From the data below, repeat exactly the lines from the line with "Autores chilenos - Campos" to the line with "manger une friture.", both included.
Top of STUDY MATERIAL
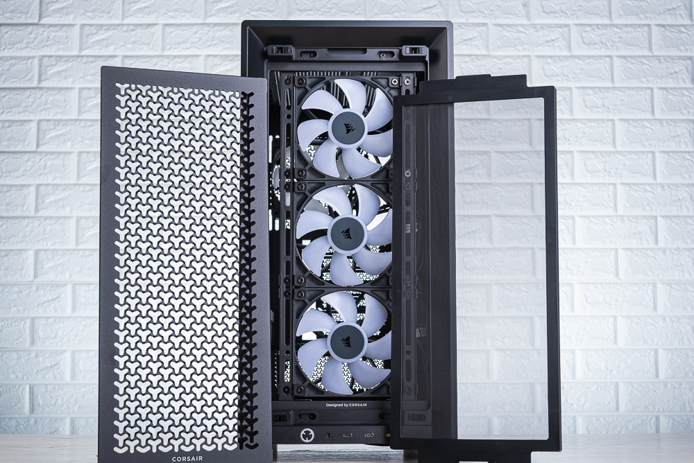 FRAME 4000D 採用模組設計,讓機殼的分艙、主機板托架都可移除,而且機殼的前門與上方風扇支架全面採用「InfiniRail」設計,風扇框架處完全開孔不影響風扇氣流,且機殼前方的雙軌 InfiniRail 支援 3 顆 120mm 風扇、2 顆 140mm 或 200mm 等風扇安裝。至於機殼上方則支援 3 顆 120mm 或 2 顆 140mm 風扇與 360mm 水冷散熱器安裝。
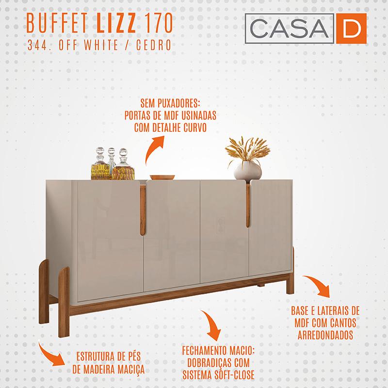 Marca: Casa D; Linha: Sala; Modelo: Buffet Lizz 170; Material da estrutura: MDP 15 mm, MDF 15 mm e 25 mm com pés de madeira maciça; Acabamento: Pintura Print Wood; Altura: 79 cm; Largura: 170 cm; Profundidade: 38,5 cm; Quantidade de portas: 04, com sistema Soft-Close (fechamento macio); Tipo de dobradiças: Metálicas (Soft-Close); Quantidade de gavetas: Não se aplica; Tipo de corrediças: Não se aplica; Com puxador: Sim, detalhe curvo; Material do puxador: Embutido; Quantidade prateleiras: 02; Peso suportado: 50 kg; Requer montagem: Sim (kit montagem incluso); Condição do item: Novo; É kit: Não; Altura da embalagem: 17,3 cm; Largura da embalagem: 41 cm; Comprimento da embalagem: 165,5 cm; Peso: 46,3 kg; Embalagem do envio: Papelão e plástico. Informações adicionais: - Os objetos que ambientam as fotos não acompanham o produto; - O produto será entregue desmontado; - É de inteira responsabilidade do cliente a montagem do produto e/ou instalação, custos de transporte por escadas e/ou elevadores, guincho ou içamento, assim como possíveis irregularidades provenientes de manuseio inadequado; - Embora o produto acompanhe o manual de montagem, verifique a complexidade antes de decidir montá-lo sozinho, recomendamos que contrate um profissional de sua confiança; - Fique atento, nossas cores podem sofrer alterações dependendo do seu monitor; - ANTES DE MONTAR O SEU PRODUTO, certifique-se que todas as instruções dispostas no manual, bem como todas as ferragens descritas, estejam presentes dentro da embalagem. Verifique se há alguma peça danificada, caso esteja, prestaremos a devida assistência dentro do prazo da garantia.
Bottom of STUDY MATERIAL
Top of STUDY MATERIAL
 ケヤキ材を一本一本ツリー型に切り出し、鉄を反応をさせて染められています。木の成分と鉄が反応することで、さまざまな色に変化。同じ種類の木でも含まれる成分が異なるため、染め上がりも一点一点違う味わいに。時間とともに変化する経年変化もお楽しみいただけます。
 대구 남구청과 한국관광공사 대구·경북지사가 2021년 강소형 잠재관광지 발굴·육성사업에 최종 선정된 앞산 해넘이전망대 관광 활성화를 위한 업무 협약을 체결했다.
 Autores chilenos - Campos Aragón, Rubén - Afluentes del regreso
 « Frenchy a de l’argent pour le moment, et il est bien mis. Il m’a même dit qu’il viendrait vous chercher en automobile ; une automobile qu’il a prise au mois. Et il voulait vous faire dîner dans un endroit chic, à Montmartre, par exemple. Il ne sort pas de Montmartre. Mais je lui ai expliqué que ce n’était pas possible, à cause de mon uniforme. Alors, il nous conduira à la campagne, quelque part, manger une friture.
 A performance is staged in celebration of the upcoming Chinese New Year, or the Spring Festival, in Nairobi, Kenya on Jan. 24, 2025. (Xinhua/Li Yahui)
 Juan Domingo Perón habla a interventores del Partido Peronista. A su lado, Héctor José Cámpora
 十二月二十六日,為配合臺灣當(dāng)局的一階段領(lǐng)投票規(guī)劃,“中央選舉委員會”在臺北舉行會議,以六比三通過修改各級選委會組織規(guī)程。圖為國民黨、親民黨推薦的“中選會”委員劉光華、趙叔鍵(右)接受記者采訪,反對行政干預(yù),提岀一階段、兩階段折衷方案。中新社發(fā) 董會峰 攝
Bottom of STUDY MATERIAL
[COMPLETED TASK]:
 Autores chilenos - Campos Aragón, Rubén - Afluentes del regreso
 « Frenchy a de l’argent pour le moment, et il est bien mis. Il m’a même dit qu’il viendrait vous chercher en automobile ; une automobile qu’il a prise au mois. Et il voulait vous faire dîner dans un endroit chic, à Montmartre, par exemple. Il ne sort pas de Montmartre. Mais je lui ai expliqué que ce n’était pas possible, à cause de mon uniforme. Alors, il nous conduira à la campagne, quelque part, manger une friture.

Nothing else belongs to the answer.